EXERCISE AIM: Further down are entries; set down exactly and only the lines from the one with "Bazénový zvedák DIPPER s příslušenstvím" up to and including the one with "Vides pour un", dropping each picture.

[Items from a dataset]
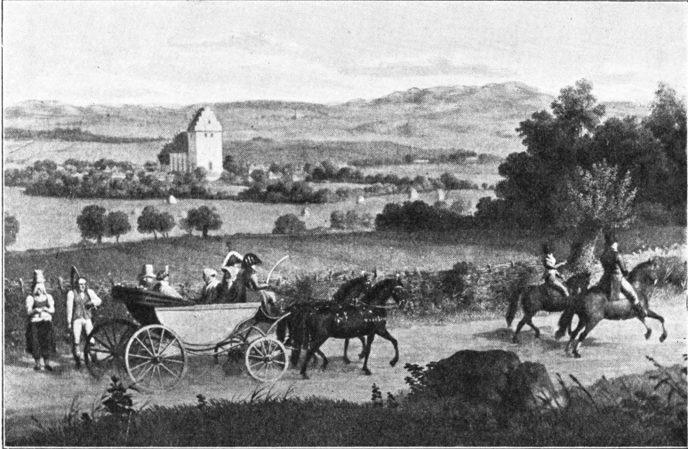
Eckersberg: Køretur på Møn. Efter maleri på Vilhelmsborg 1) .
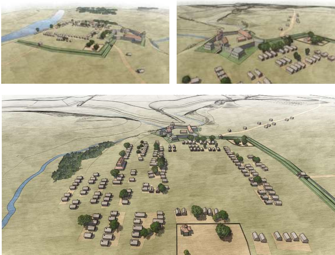
Рис. 9. Реконструкція Жванця станом на XVII-I пол. XVIII ст. Виконав І. Литвинчук.

польський гарнізон, який напав на ворожу армію 22 травня 1769 р. Вже на поч. XIX ст. кордон з Молдовою укріплювала Російська імперія, яка звела вздовж Дністра смугу карантинів, митниць та укріплень, в тому числі здійснено модернізацію оборонних укріплень XVII ст. бастіонного типу - Олександрійських укріплень. У XIX ст. загроза була лише із заходу зі сторони Окопів св. Трійці, які належали Австрії, а місцеве населення прилаштувало територію Олександрійських укріплень під кладовище. Останньою крапкою у військовій історії старого Жванця та його замку була спроба побудувати в місті потужну фортецю царським урядом у 1840-х роках (проти Австрійської імперії), в результаті чого держава викупила місто у приватного власника О. Комара, що змусило багатьох мешканців Жванця переселитись в інші міста. Кошторисний проект так і не був здійснений, а із втратою власника, місцеве населення поступово використовувало камінь із замку для своїх господарських потреб.
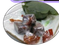
おやつの 柏餅も 大好評！
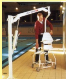
Bazénový zvedák DIPPER s příslušenstvím
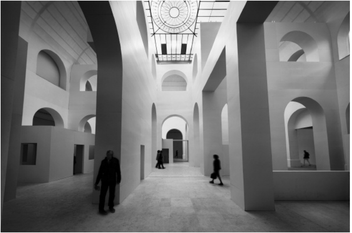
Vides pour un patio in het Musée des Beaux-Arts in Nantes, Frankrijk, 2011 © Krijn de Koning.

Ronduit gedurfd is zijn gigantische dwarsdoorsnede van de Nieuwe Kerk in Amsterdam. Overhoeks georiënteerd op de plattegrond van de kerk liet de tijdelijke Kerkmeester op vijf meter hoogte een vloer aanleggen in een ruitvorm met een oppervlakte van een royale 800 vierkante meter. De nieuwe Nieuwe-Kerkvloer had een meervoudige gelaagdheid. Het totaalzicht op het binnenste van de kerk werd bepaald geweld aangedaan. Ook de foielelijke stellages onder de vloer zullen niet hebben geleid tot veel bewondering – al zal De Koning zelf meer oog hebben gehad dan gemiddeld voor het patroon van de stutten. Eenmaal op de vloer beland, kon men de kerk aanschouwen zoals ooit de bouwers, restauratoren en, vooruit, wellicht enkele technici hadden gedaan. Maar nooit zo. Wandelend op de hoogte van de glas-in-loodramen waren die niet alleen van veel dichterbij te bestuderen, tevens liep je direct óp/over het invallende licht. De zeventiende-eeuwse preekstoel was nu eens niet vanuit een onderdanige positie te benaderen, de kerkganger kon oog in oog staan met zijn Amsterdamse voorvaderen, gebeeldhouwd op het dak van de kansel, dat vooral als klankbord
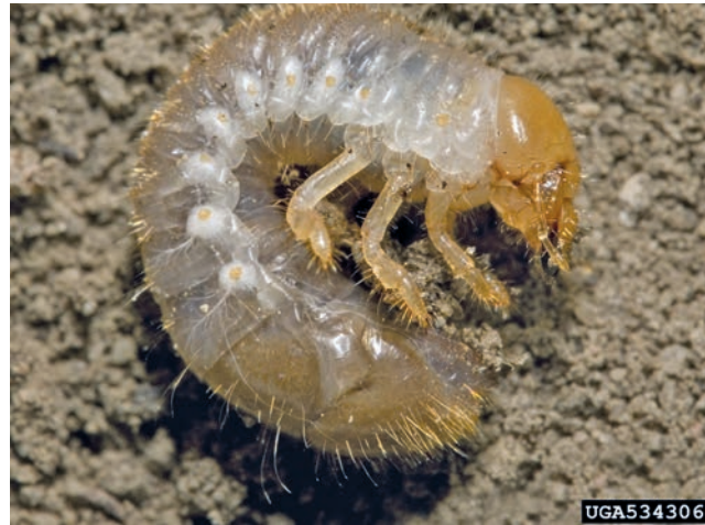
3. Popillia japonica - Larve
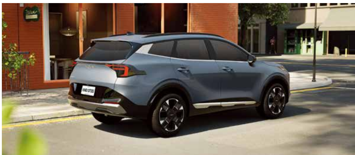
Encendido remoto de motor desde llave inteligente

Los faros verticales de Kia Sportage transmiten una presencia imponente y segura, mientras que las tiras cromadas horizontales que integran los elementos de luz diurna añaden un toque de sofisticación y elegancia, creando una imagen poderosa y refinada.
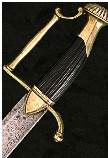
SABLE Principios siglo XIX Libro ESPADAS ESPAÑOLAS. MILITARES Y CIVILES. Pág. 524
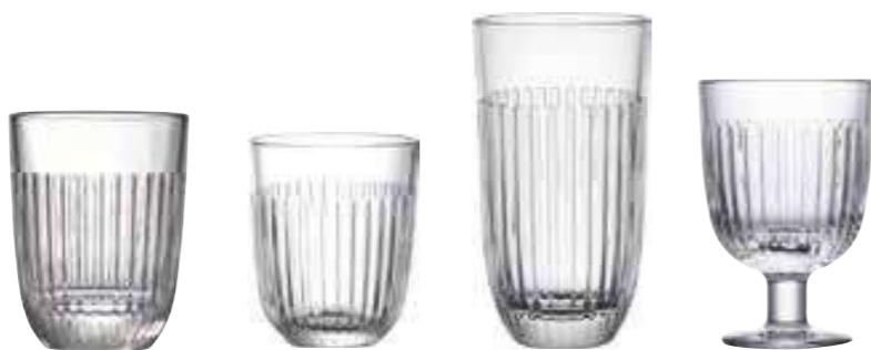
Grand gobelet uni

6471 01 H : 11 cm ø : 8,5 cm Cl : 34 / Oz : 12 6 1140
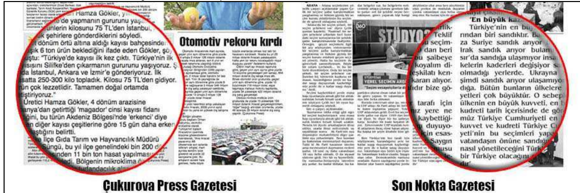
Çukurova Press Gazetesi
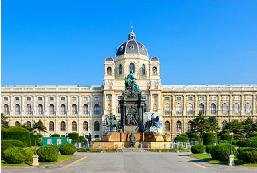
Bécs kincstár 18 €
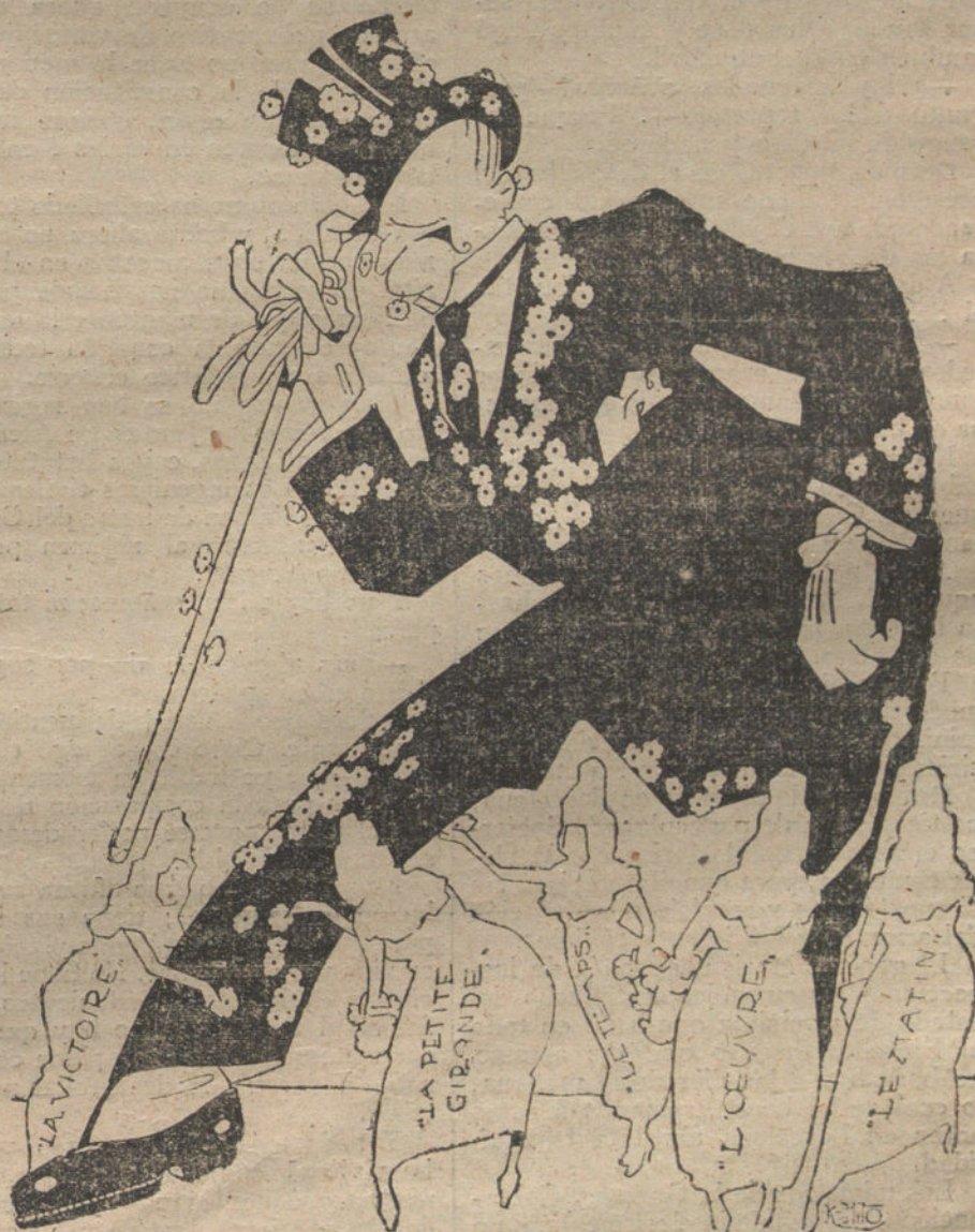
LA FIESTA DE LA FLOR

EXERCISE ANSWER:
Bazénový zvedák DIPPER s příslušenstvím
Vides pour un patio in het Musée des Beaux-Arts in Nantes, Frankrijk, 2011 © Krijn de Koning.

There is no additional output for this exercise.